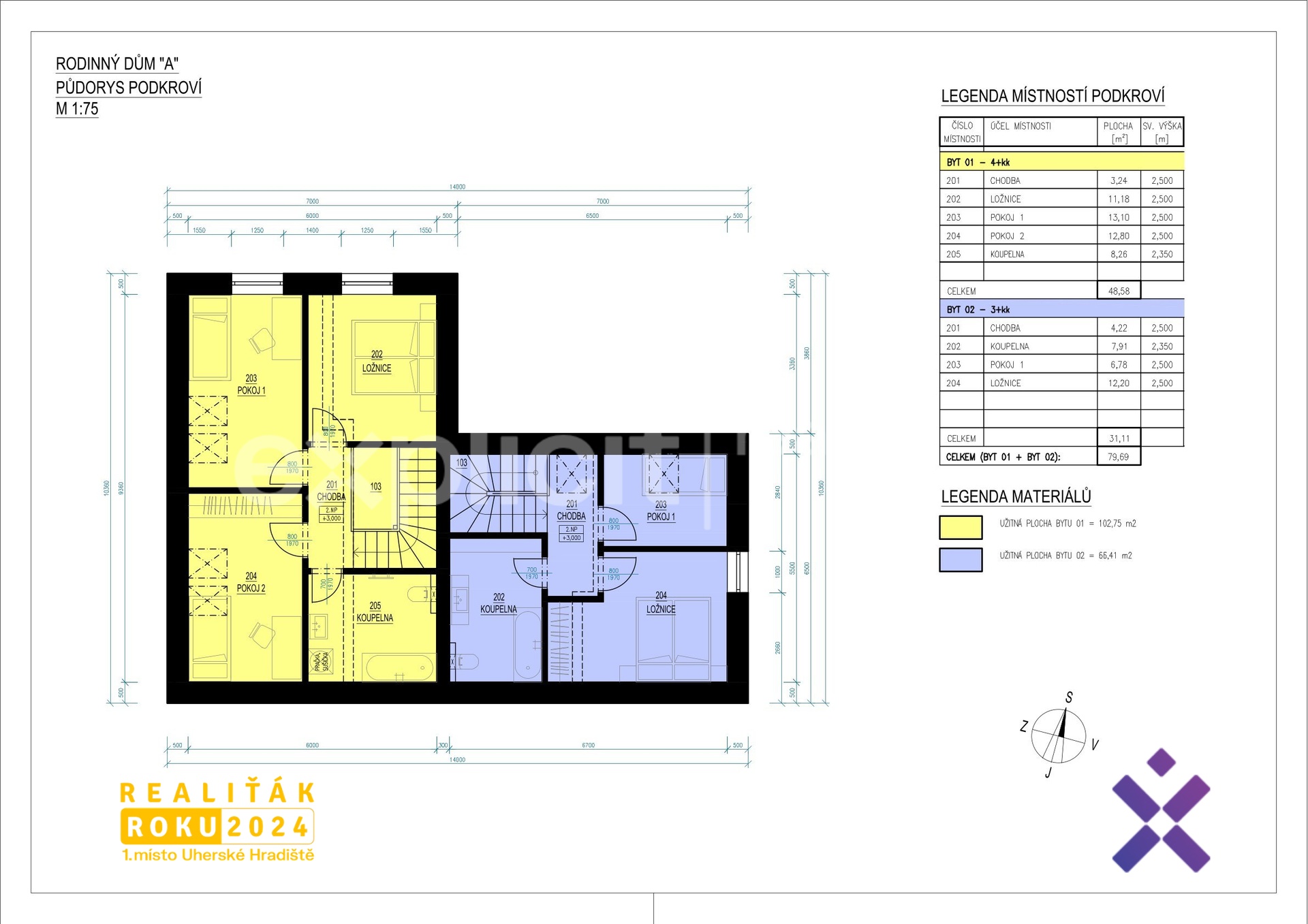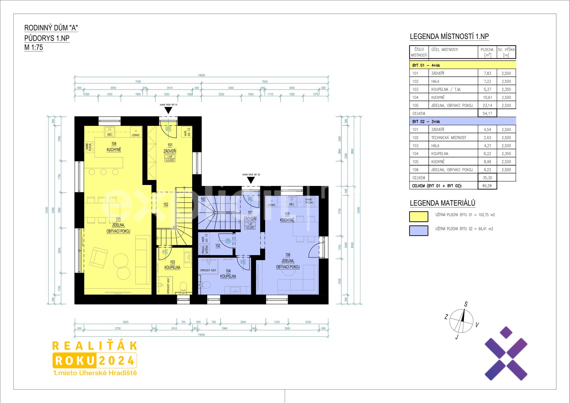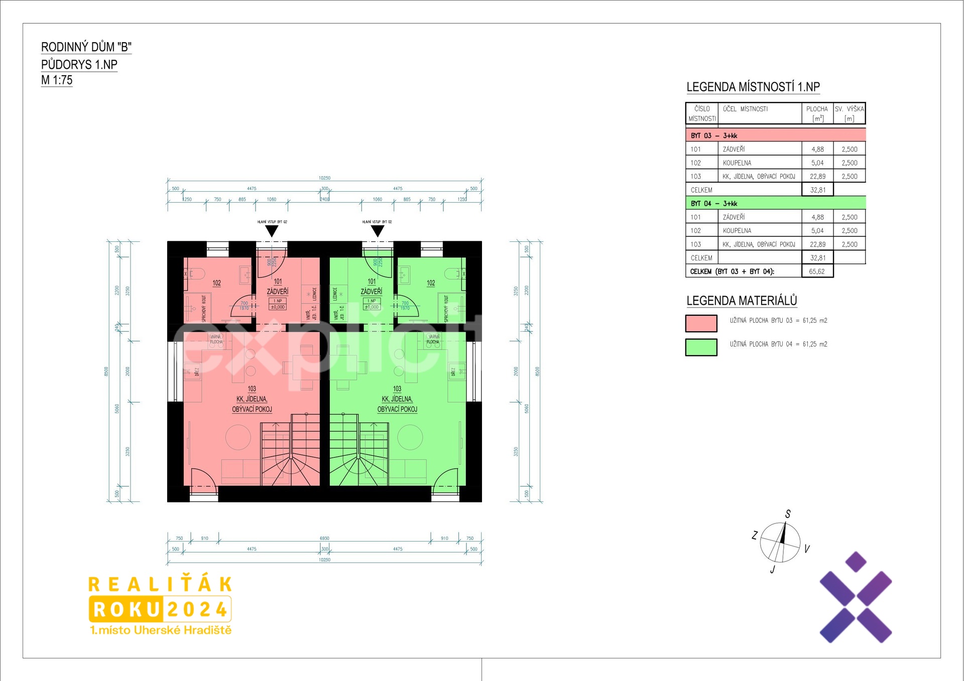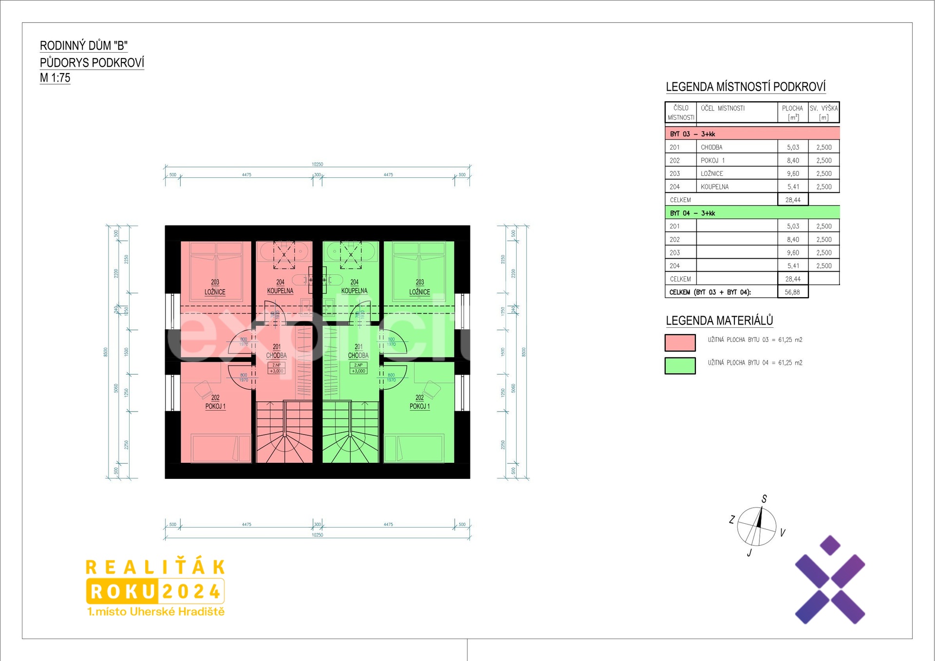 – celkem 4 bytové jednotky ve dvou dvojdomech
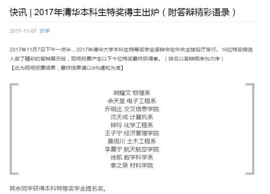 7日下午,2017年清华大学本科生特等奖学金得主出炉(此为现场投票结果),南外2014届校友乔明达榜上有名。
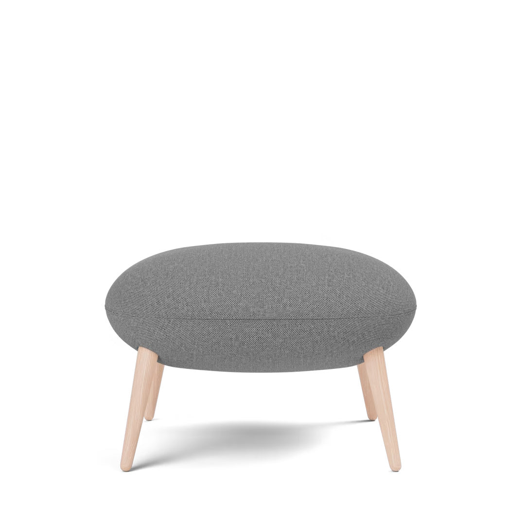 Fully upholstered footstool with solid wood legs mounted with metal thread. Inner shell in moulded polyurethane foam, reinforced with a steel frame.
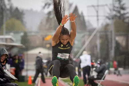 2018-19: Indoor – Finished in fifth place (6.31m/20-8.5) in the long jump at the NCAA Championships … moved from ninth to fifth on her final jump of the competition … won the Razorback Invitational with a personal best of 6.36m/20-10.5 … moved to No. 4 on the UO top-10 list … established season bests of 7.61 in the 60 meters and 8.47 in the 60-meter hurdles. Outdoor – Finished seventh in the long jump at the NCAA Championships with a personal best of 6.43m/21-1.25 … became the No. 4 performer in UO history … NCAA West Preliminary qualifier in the 100-meter hurdles and long jump … Pac-12 champion in the long jump (6.29m/20-7.75) for a second time … also finished in seventh place in the 100-meter hurdles at the conference meet … ran a personal-best 13.62 in the Pac-12 preliminary round … moved to No. 7 in program history … runner-up in the long jump (6.35m/20-10) at the Mt. SAC Relays … posted a wind-aided 13.59 in the 100-meter hurdles at the Desert Heat Classic.

═══

An exact copy of the listing is needed, minus its pictures.

Output for this exercise:
 – celkem 4 bytové jednotky ve dvou dvojdomech
 7日下午,2017年清华大学本科生特等奖学金得主出炉(此为现场投票结果),南外2014届校友乔明达榜上有名。
 Fully upholstered footstool with solid wood legs mounted with metal thread. Inner shell in moulded polyurethane foam, reinforced with a steel frame.
 2018-19: Indoor – Finished in fifth place (6.31m/20-8.5) in the long jump at the NCAA Championships … moved from ninth to fifth on her final jump of the competition … won the Razorback Invitational with a personal best of 6.36m/20-10.5 … moved to No. 4 on the UO top-10 list … established season bests of 7.61 in the 60 meters and 8.47 in the 60-meter hurdles. Outdoor – Finished seventh in the long jump at the NCAA Championships with a personal best of 6.43m/21-1.25 … became the No. 4 performer in UO history … NCAA West Preliminary qualifier in the 100-meter hurdles and long jump … Pac-12 champion in the long jump (6.29m/20-7.75) for a second time … also finished in seventh place in the 100-meter hurdles at the conference meet … ran a personal-best 13.62 in the Pac-12 preliminary round … moved to No. 7 in program history … runner-up in the long jump (6.35m/20-10) at the Mt. SAC Relays … posted a wind-aided 13.59 in the 100-meter hurdles at the Desert Heat Classic.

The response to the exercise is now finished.